C. L. : Filmer des employés du chemin de fer pose la question très contemporaine de l'évolution du service public dans une politique gouvernementale néolibérale, en Tunisie comme en France.
E. S. :
En effet, au-delà de la dimension cinématographique et politique de mon envie de départ de faire ce film, le chemin de fer, pour de nombreuses personnes, représente l'identité du pays en en prenant le pouls. Le fait d'avoir choisi cette voie de chemin de fer à l'ouest et qui allait cinquante ans plus tôt jusqu'à Marrakech, n'est pas anodin. Pour moi, c'était très symbolique de traiter une ancienne fierté du pays, la plus grosse entreprise publique tunisienne, une région oubliée du régime, l'ouest du pays étant complètement abandonné. En effet, je n'ai pas choisi de suivre la voie ferrée de la côte Est qui est la voie touristique et qui est mieux entretenue. Ce n'est à cet égard pas un hasard si la voie de l'ouest est dans cet état-là. Pour moi, cela raconte l'histoire du pays sans raconter directement l'Histoire. C'est donc ici tout le passé qui est convoqué tout en parlant de l'avenir puisque les nouvelles générations qui apparaissent à l'écran cherchent à trouver leur place dans cette société publique. Il est ainsi question du malaise de cette jeunesse. Le film pose la question de ce que cela peut signifier être cheminot aujourd'hui alors que le métier est en train de disparaître pour différentes raisons. Le chemin de fer est la symbolique de la manière dont l'État crée ce lien social ou pas et prend le pouls de la situation sociale du pays. Comme en France, je pense que lorsque les cheminots ne sont pas contents ils sont aussi le reflet d'un mal-être général notamment entre les classes sociales.

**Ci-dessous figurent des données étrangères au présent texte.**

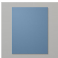
Misty Moonlight 8-1/2" X 11" Cardstock - 153081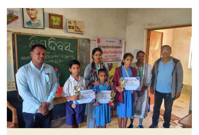
LTIMindtree Foundation Day was celebrated by Mahashakti Foundation, involving school-going children in Paikmal, Gudvella, and M. Rampur Blocks.

C. L. : On voit dans le film que si la compagnie de fer se maintient, c'est davantage du fait des cheminots que de ses dirigeants. Par là on comprend que la société avance à travers des responsabilités individuelles citoyennes que par des partis politiques obnubilés par l'accès au pouvoir.
E. S. :
Oui, d'ailleurs on me fait souvent remarquer que les passagers sont très peu visibles et les dirigeants officiels de la société n'apparaissent pas devant la caméra. En même temps, cela reflète la réalité du terrain où les dirigeants sont absents. C'est également le reflet de la société tunisienne portée par des initiatives citoyennes. Ce sont en effet des citoyens qui se mobilisent localement pour faire valoir leurs droits, leurs rêves de démocratie et de liberté en Tunisie. J'ai croisé quelques directeurs de la société quand je filmais mais les rendre absents, c'est aussi montrer la réalité d'une présence absence, puisqu'ils sont là sans être là, en fait. Dès lors, la société est portée par ces individus où apparaissent quelques figures héroïques comme celle d'Issameddine Fitati qui agit pour la collectivité.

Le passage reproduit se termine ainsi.